Ce que recouvre le chiffre de 27 milliards se trouve dans le communiqué Meta Announces Joint Venture With Funds Managed by Blue Owl Capital to Develop Hyperion Data Center, qui détaille la répartition du capital, l’apport en numéraire et un bail assorti d’une garantie de valeur résiduelle.
L’acte de naissance du projet figure dans l’annonce Meta Selects Northeast Louisiana as Site of $10 Billion Artificial Intelligence Optimized Data Center, où se lisent les 2 250 acres, les 5 000 ouvriers au pic et la formulation exacte de la promesse électrique.
Le rendez-vous encore ouvert est décrit dans l’analyse Louisiana Regulators Fast-Track Proposal Tripling Number of Gas Plants to Power Massive Meta Data Center, qui additionne les dix unités à 7,5 GW et chiffre à 26 milliards sur quinze ans le surcoût du système électrique louisianais.
Le coût public est reconstitué par l’enquête Meta’s $10 billion Louisiana data center is getting $3.3 billion in tax breaks, qui remonte l’assiette de l’exonération jusqu’aux achats de processeurs graphiques et la rapporte au nombre d’emplois permanents annoncés.

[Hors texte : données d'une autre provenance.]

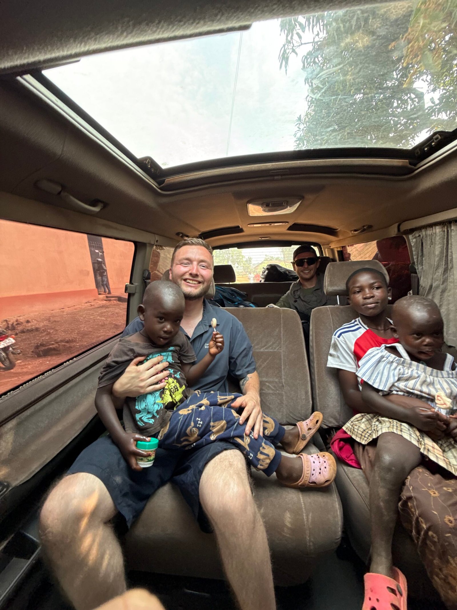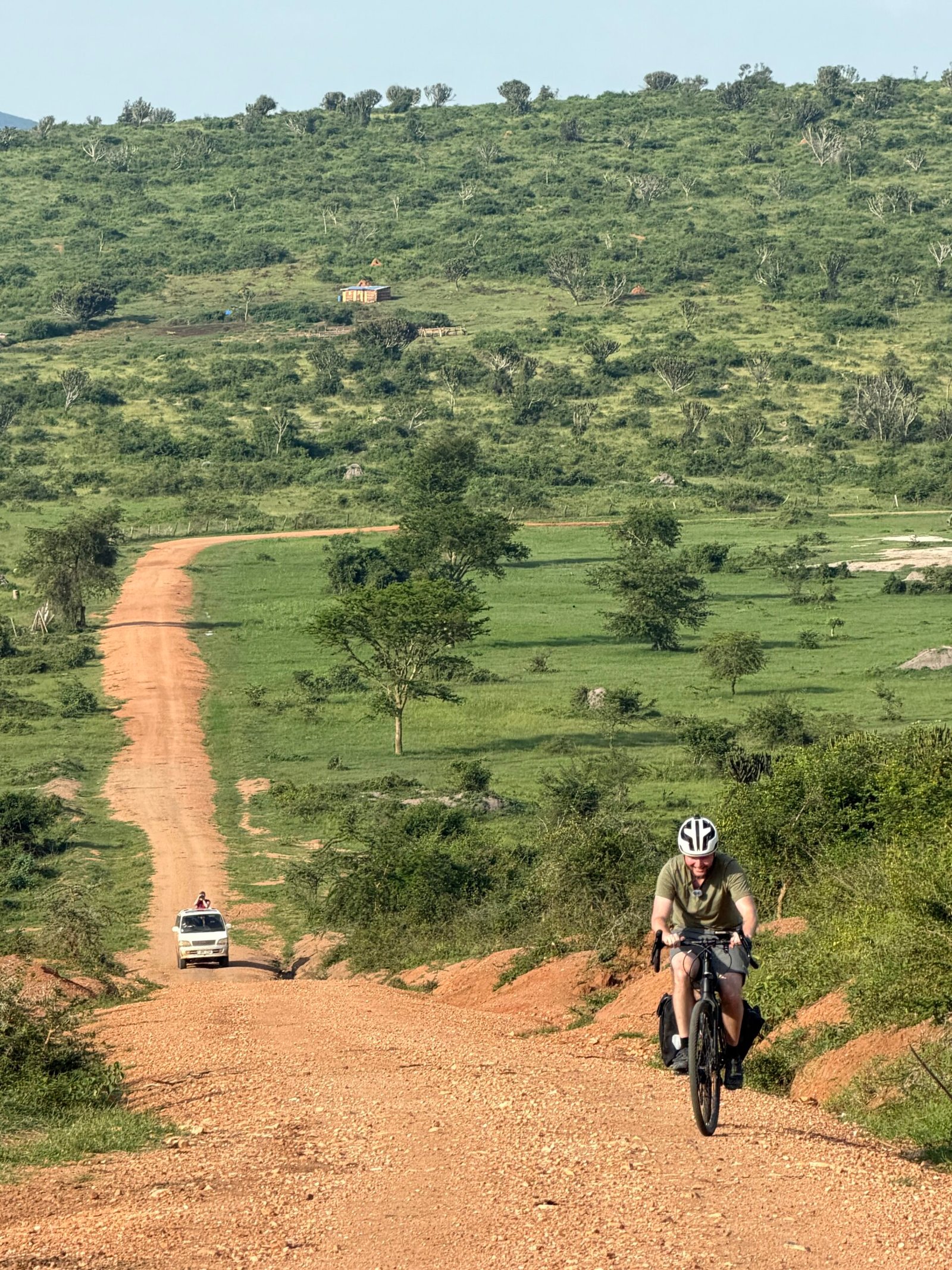 Efter fem dages venten ankom cyklerne endelig. De blev samlet, og vi kunne fortsætte. I mellemtiden var vi blevet tætte med vores chauffør Herbert. Han havde ikke set sine børn i fire måneder, fordi han ikke havde haft råd til at besøge dem uden at medbringe gaver. Vi gjorde stop i hans landsby nær Masaka og købte basale fornødenheder. Mødet var stille og ydmygt. Børnene bukkede, bar tingene ind og viste os deres hjem med stolthed. Alt de spiste, kom fra haven. Herbert gentog igen og igen, hvor glad han var.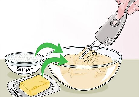 Cream the butter and sugar. Cut the butter into an electric mixer or food processor. Add the sugar, then beat them together using a medium speed setting for 5 to 8 minutes.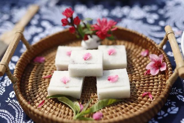 品尝桃花糕,您能感受到米粉、豆沙、桃花三者奇妙的融合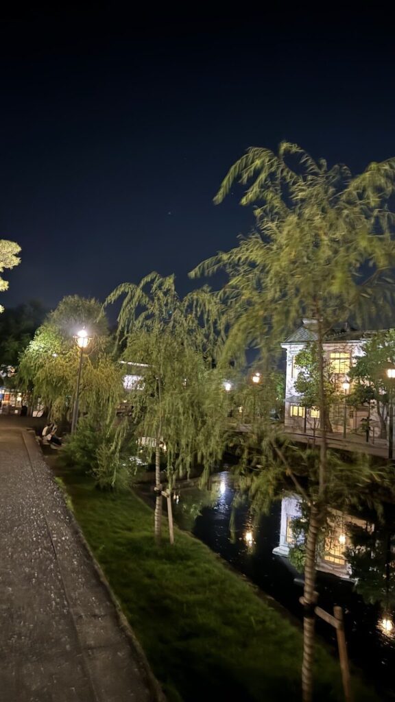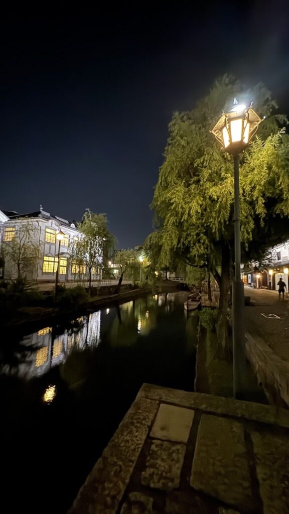 夜になると美観地区がライトアップ💡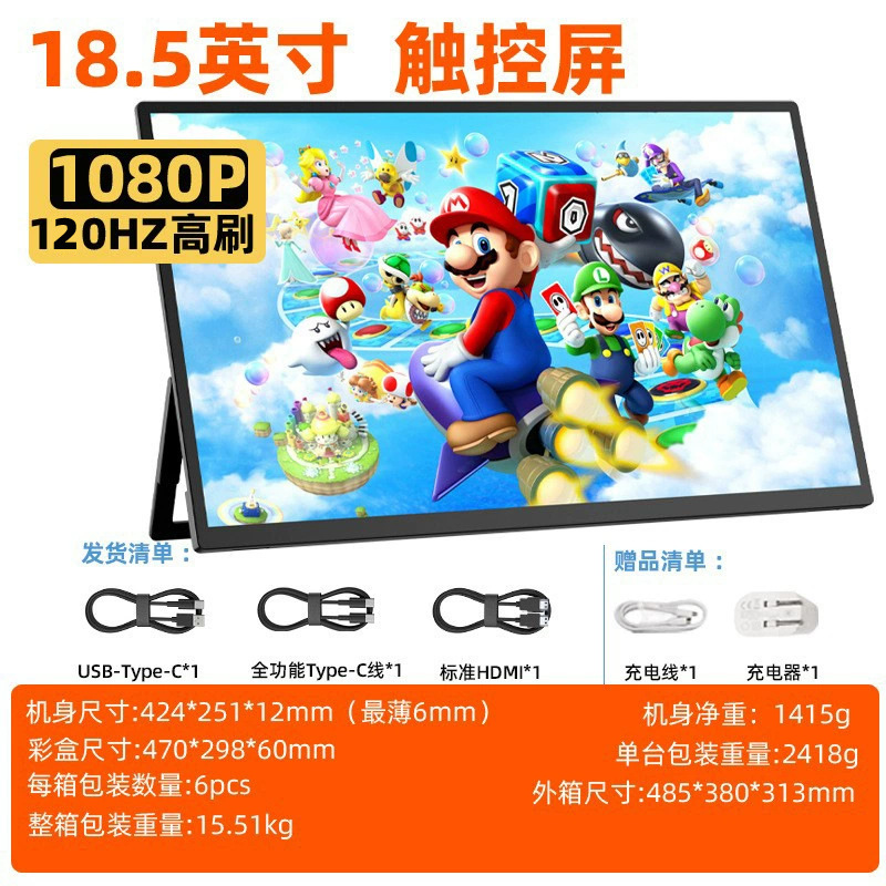 국경 18.5 인치 100HZ 터치 휴대용 디스플레이 ps5/스위치 컴퓨터 서브 스크린 1080IPS HD스토어 가기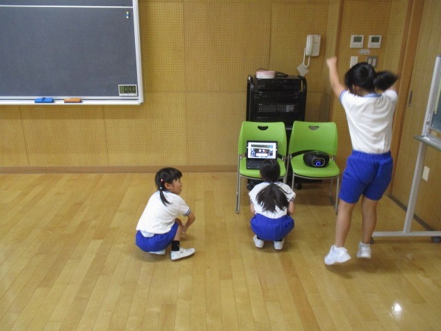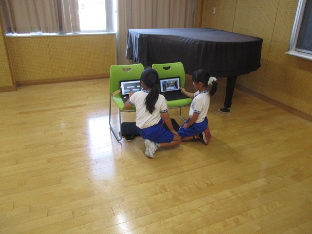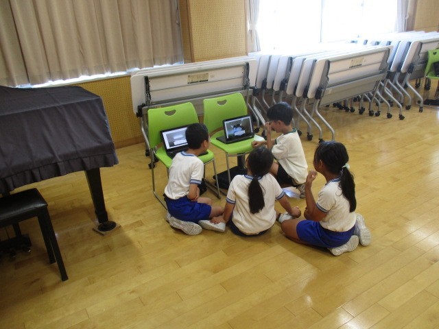 2年生は、3時間目に音楽室で学習発表会の練習をしていました。グループごとに動画で確認しながら練習していました。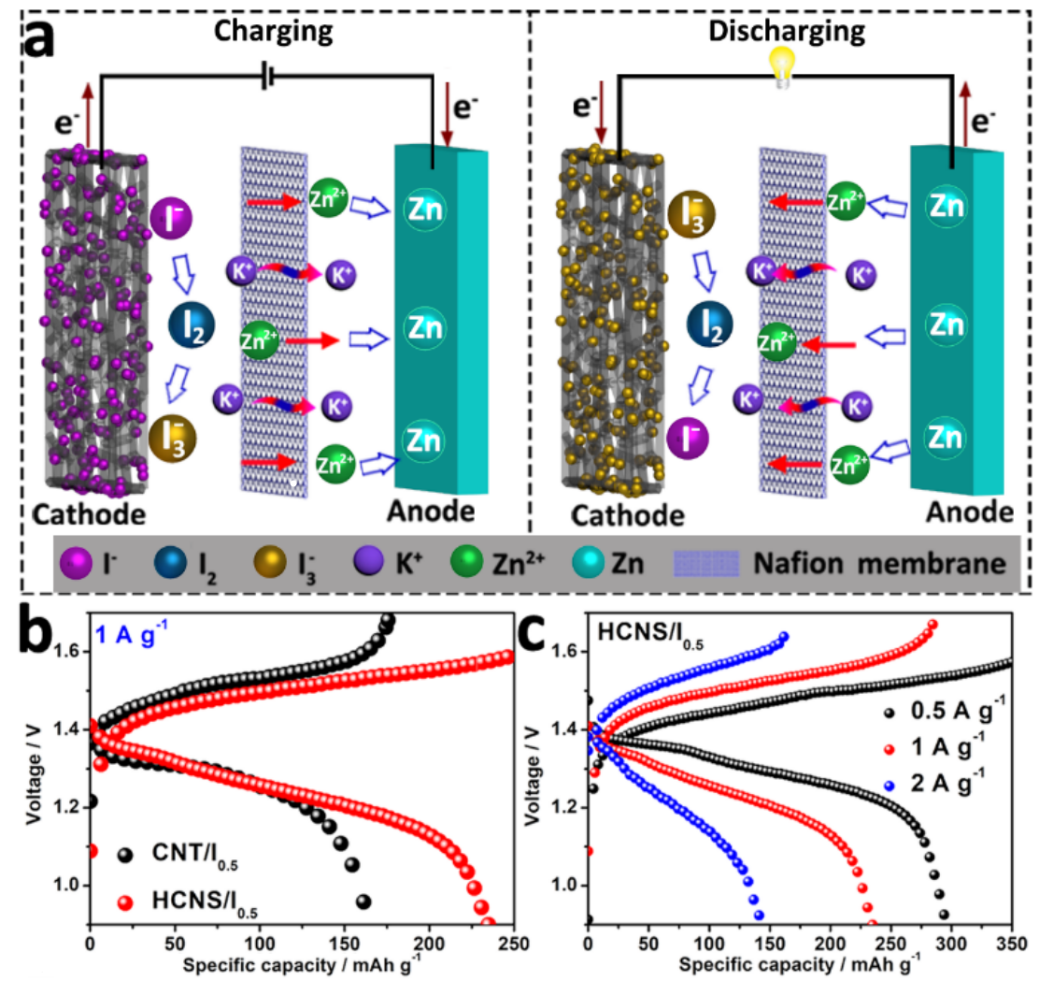 近日,日本色情片 钱金杰课题组通过对In-MOF热裂解过程中配体脱羧和氧化铟纳米颗粒氧化还原反应的调控,进而形成的液态金属铟通过熔聚和重力作用从碳纳米内腔中聚集流出形成空腔,从而获得中空结构的多孔碳材料(HCNS)。这种纳米秸秆形状的HCNS催化剂具有远高于CNTs的电化学交换能力。HCNS具有更多的电荷活性位点、短而快速的电子和离子传输途径,以其独特的内腔和管壁上相互连接的多孔结构,成功获得新一代高性能理想正极材料。其中,HCNS/I0.5展现出优于商业CNTs材料的高比容量(484.9 mAh g-1@1 A g-1)和较好的倍率性能。在此基础上组装的锌碘电池在1 A g-1时提供了246.6 mAh g-1的高容量,保证了电解液中碘物质的吸附和溶解平衡,极大地提高了该电池的倍率和循环性能,从而获得了优异的容量保持率。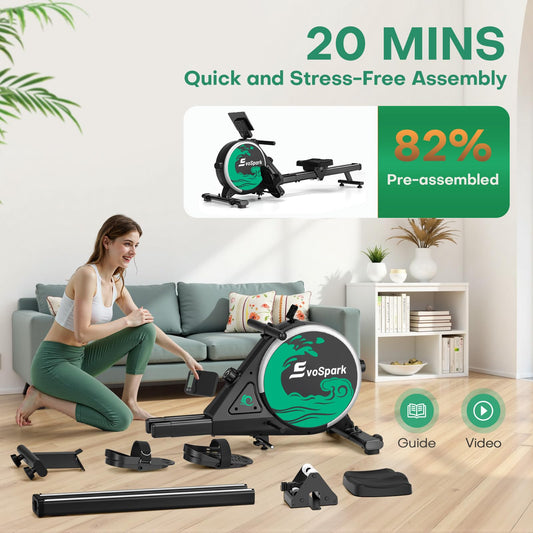 Rowing Machine for Home Gym, EvoSpark Magnetic Rowing Machines 350 LB Weight Capacity - Foldable Rower for Home Use with App Supported, Upgrade to Double Slide Rail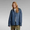 - Wide woven tape set alongside the front shoulder and pocket entrance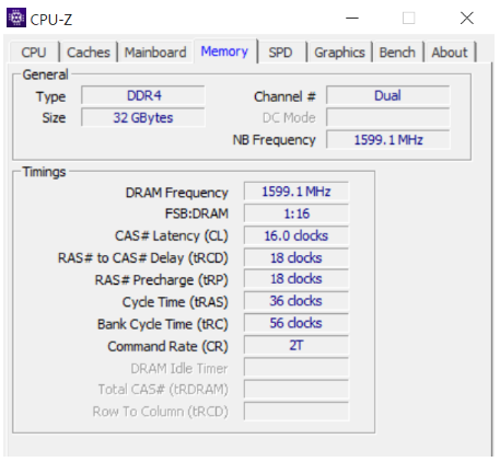 - 타이밍: CL16-18-18-38 등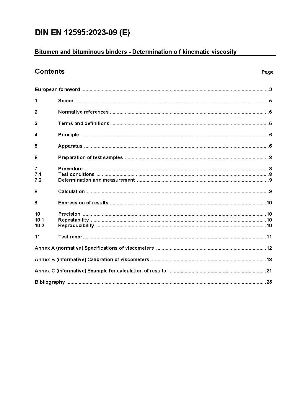 Bitumen and bituminous binders - Determination of kinematic viscosity; German version EN 12595:2007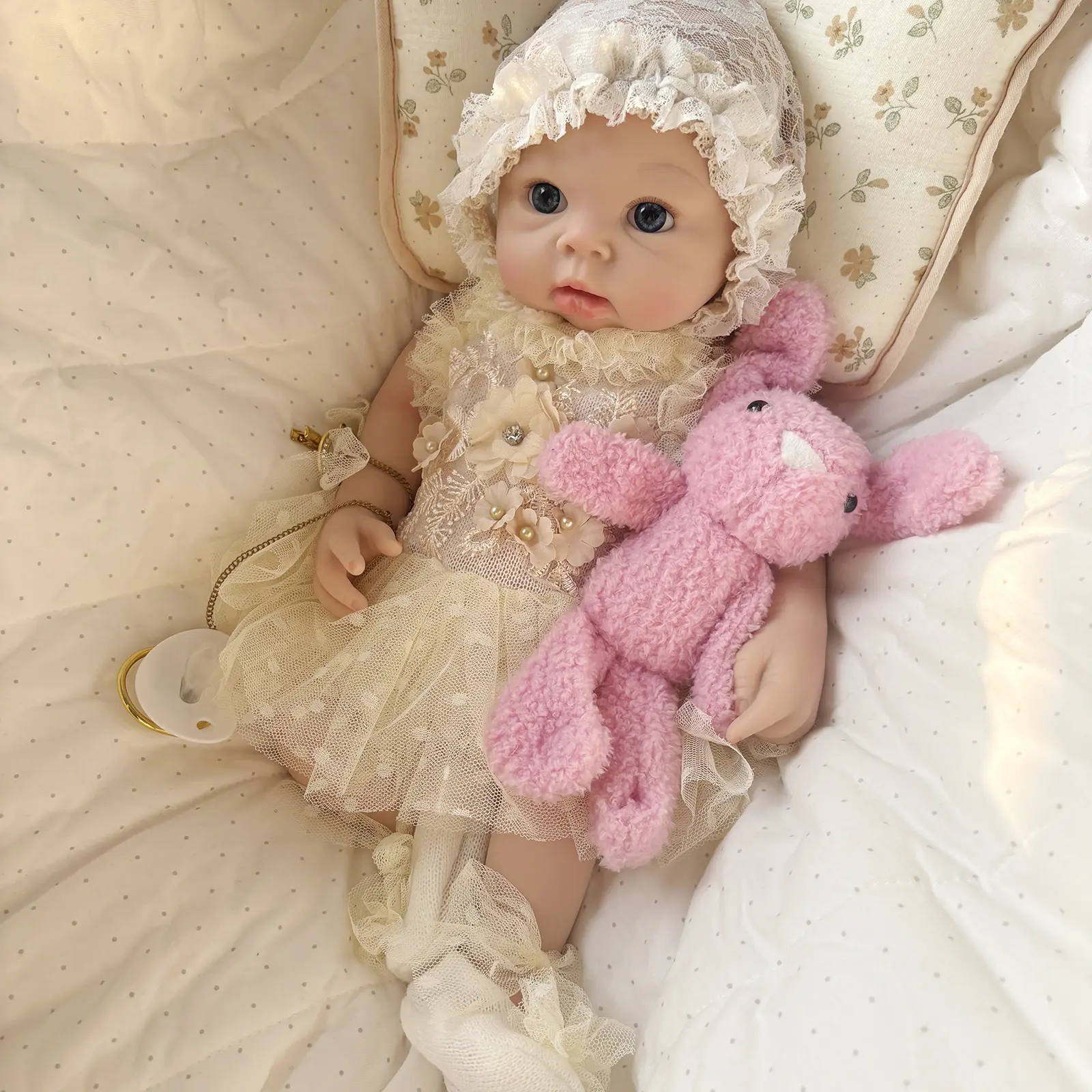 Reborn Silicone Doll Structure: This reborn doll is designed for interactive play, featuring a water-friendly body for bath time fun and an open mouth that accommodates a pacifier. She can even drink water and simulate a realistic 'pee' experience.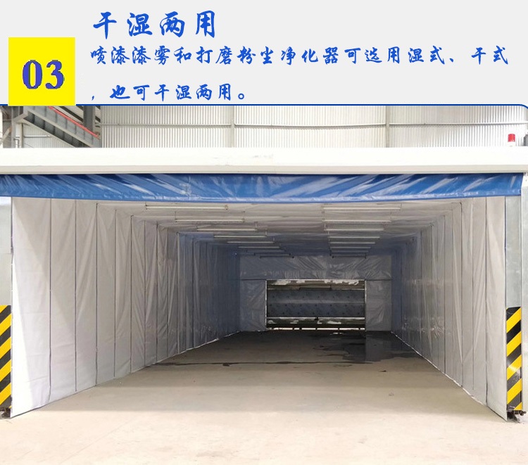 移動式伸縮噴漆房是一種在使用時,可以自動展開形成封閉或半封閉的環(huán)保噴漆房,不使用時收縮合攏到一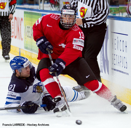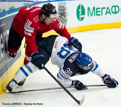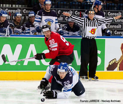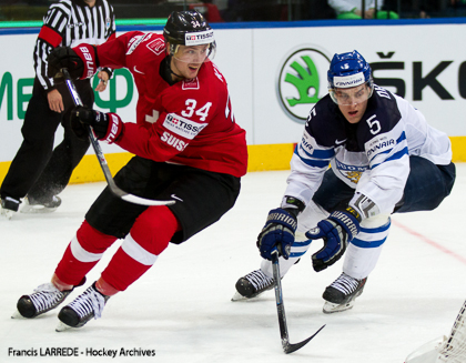 La rencontre est très fermée et l’on compte les tirs cadrés sur le doigt d’une main après douze minutes. Ceci dit, la Finlande parvient mieux à déployer son jeu de passe et s’octroie quelques situations intéressantes. Les tirs filent à côté des cages, notamment un lancer d’Huhtala après une combinaison en triangle parfaitement exécutée. Un Huhtala décidément très en vue, puisqu’il inflige une sévère mise en échec pleine glace à Damien Brunner au quart d’heure de jeu.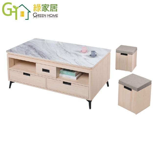 【綠家居】力斯雙色4.2尺三抽岩板大茶几(附二張椅凳)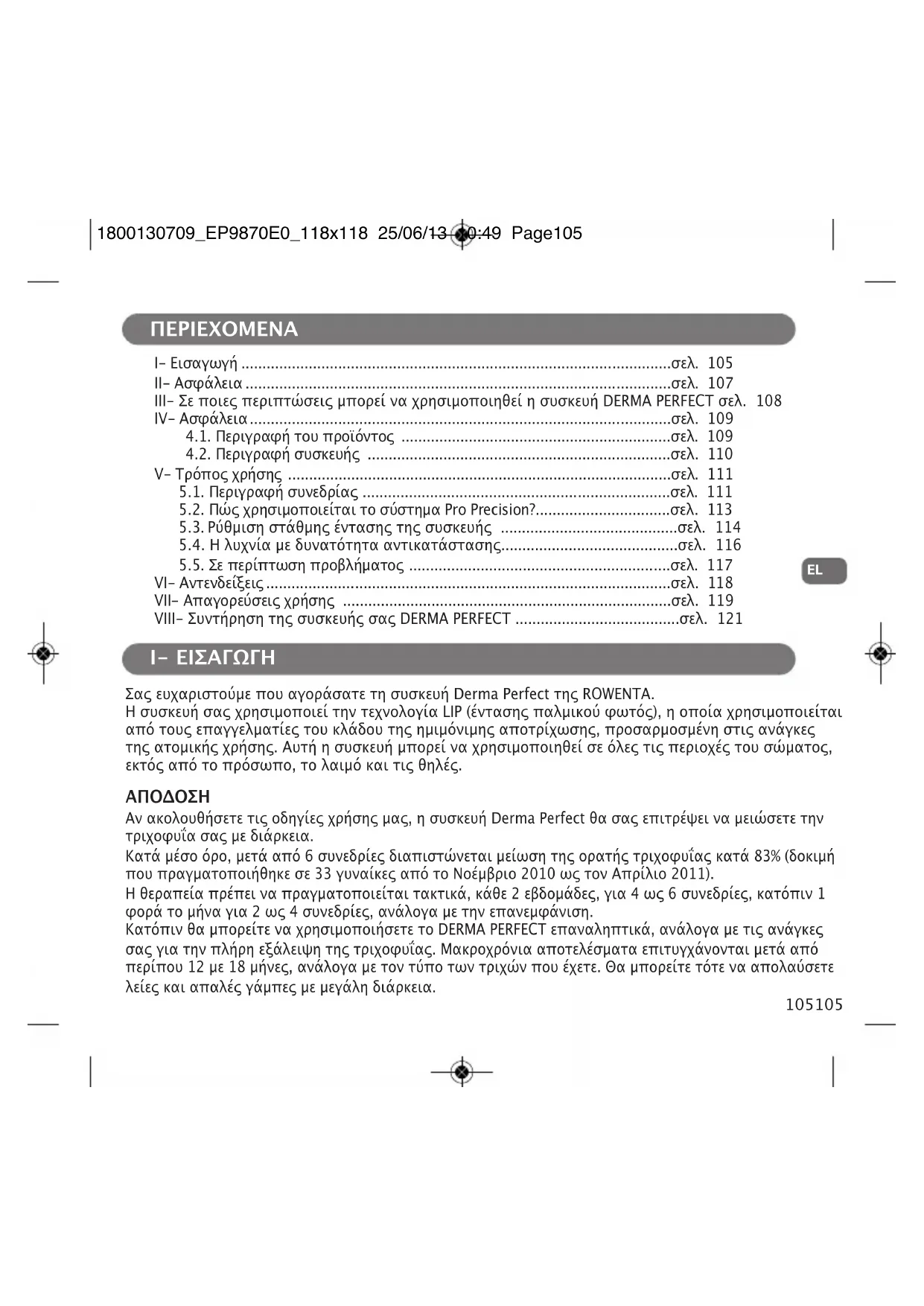 I- Εισαγωγή ......................................................................................................σελ. 105 II- Ασφάλεια .....................................................................................................σελ. 107 III- Σε ποιες περιπτώσεις μπορεί να χρησιμοποιηθεί η συσκευή DERMA PERFECT σελ. 108 IV- Ασφάλεια....................................................................................................σελ. 109 4.1. Περιγραφή του προϊόντος ................................................................σελ. 109 4.2. Περιγραφή συσκευής ........................................................................σελ. 110 V- Τρόπος χρήσης ...........................................................................................σελ. 111 5.1. Περιγραφή συνεδρίας .........................................................................σελ. 111 5.2. Πώς χρησιμοποιείται το σύστημα Pro Precision?................................σελ. 113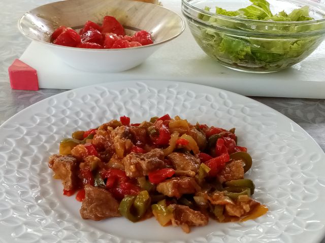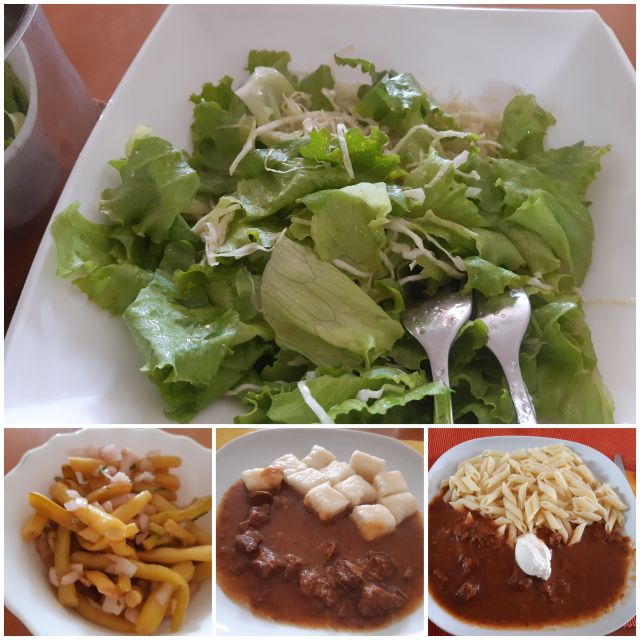 Danes ostanek golaža s testeninami in njoki, solati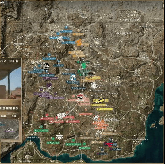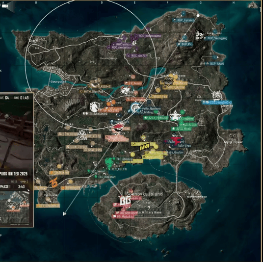 阶段6,圈型刷到狮城南部山地附近。NAVI选择进攻T5,利用道具打开突破口,T5被淘汰出局。ROC圈边与GSW交战,BB也从后方参战,ROC、GSW先后被淘汰。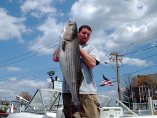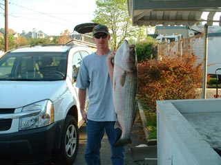 Irvin Drummond of Ellicott City (MD) with a 44.5" 33.5 lb. monster rockfish. ![]()

Mis bout à bout, ces documents racontent autre chose qu’une prouesse technique. Une fiche constructeur donne une cadence que le terrain divise par trois ; une norme fiscale fait d’un pieu enfoncé un droit acquis, avant qu’un juge ne la retire ; un communiqué transforme un chantier en actif loué pour quatre ans ; un régulateur reporte sur les abonnés le coût d’une infrastructure décidée pour un client. Les machines autonomes n’en sont ni la cause ni le sujet : elles en sont l’instrument le plus visible, et le seul qui ne discute pas le calendrier.